Your copy should repeat the data that follows exactly and contain no image.

*Input data:*
--
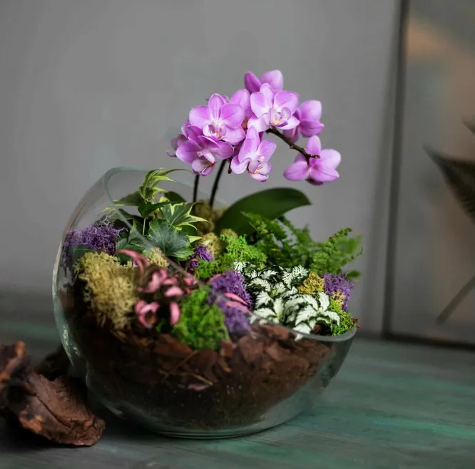 Флорариум с мини-орхидеей станет украшением любой квартиры. Благодаря компактному размеру его можно разместить и на рабочем столе и на тумбочке около кровати. Цветущий подарок для мамы будет радовать ее долго-долго, если обеспечить растениям хорошие условия.
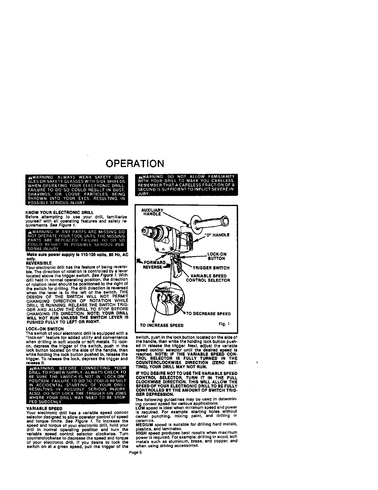 Craftsman 315105050 User Manual 1/2 ELECTRONIC DRILL Manuals And Guides L0012019
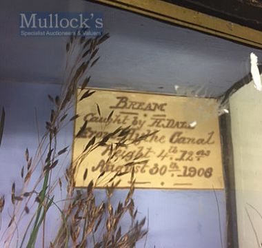 Early J Cooper & Sons 28 Radnor Street preserved Bream dated 1908 - mounted in glass bow fronted case with makers label to the top left hand corner c/w paper label to the top right corner and original period gilt inscription “Bream-Caught by H. Dale, from the Hythe Canal, August 30th, 1908, Wgt 4lbs 12oz” overall 15.75” x 27.7” x 5.75” – some wear along the top and bottom front edge – untouched.
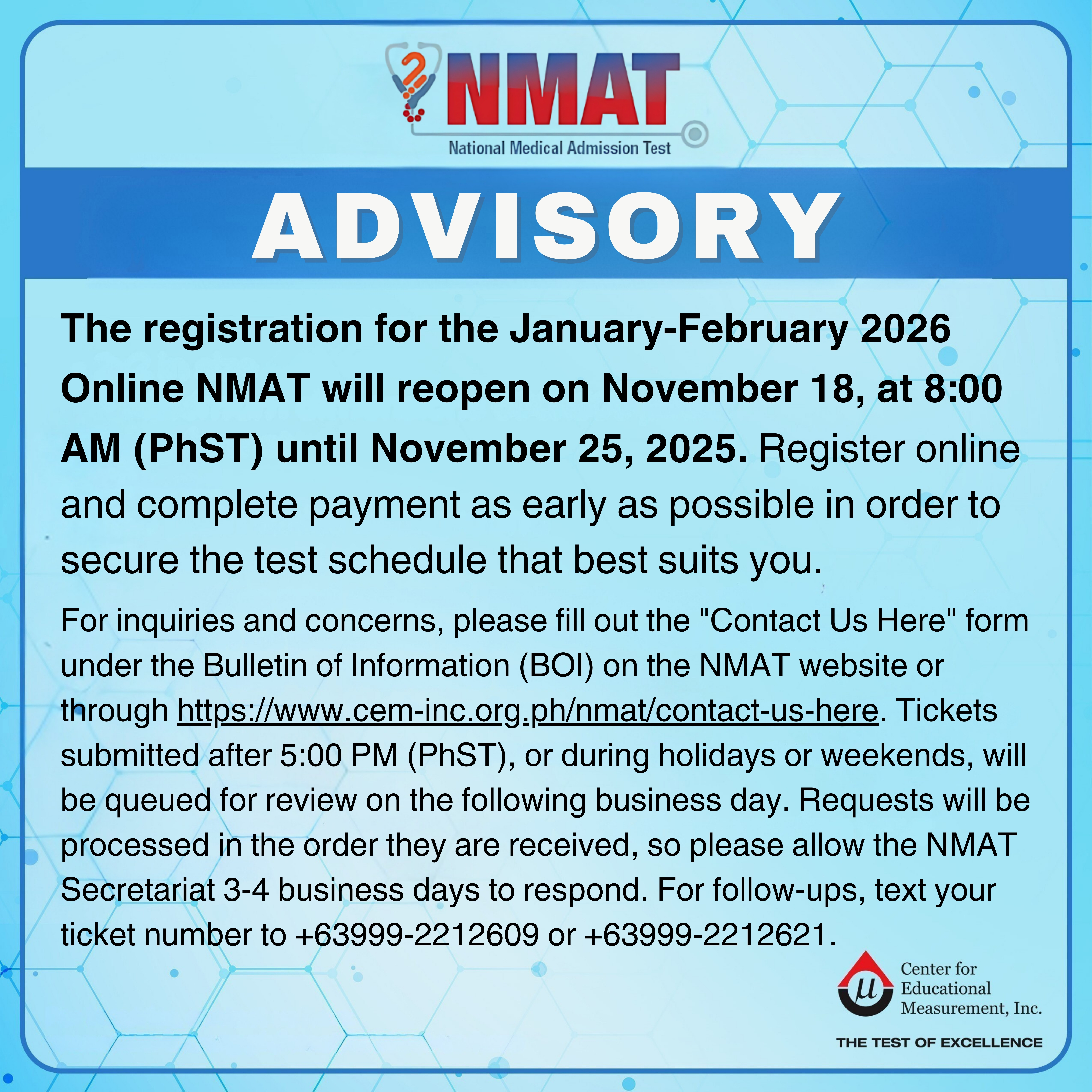 The Center for Educational Measurement, Inc (CEM) has been commissioned since 1985 by then Board of Medical Education (BME), under DECS Order No. 52 series 1985, to develop and administer the National Medical Admission Test (NMAT).
--
*Answer space:*
 Флорариум с мини-орхидеей станет украшением любой квартиры. Благодаря компактному размеру его можно разместить и на рабочем столе и на тумбочке около кровати. Цветущий подарок для мамы будет радовать ее долго-долго, если обеспечить растениям хорошие условия.
 Craftsman 315105050 User Manual 1/2 ELECTRONIC DRILL Manuals And Guides L0012019
 Early J Cooper & Sons 28 Radnor Street preserved Bream dated 1908 - mounted in glass bow fronted case with makers label to the top left hand corner c/w paper label to the top right corner and original period gilt inscription “Bream-Caught by H. Dale, from the Hythe Canal, August 30th, 1908, Wgt 4lbs 12oz” overall 15.75” x 27.7” x 5.75” – some wear along the top and bottom front edge – untouched.
 The Center for Educational Measurement, Inc (CEM) has been commissioned since 1985 by then Board of Medical Education (BME), under DECS Order No. 52 series 1985, to develop and administer the National Medical Admission Test (NMAT).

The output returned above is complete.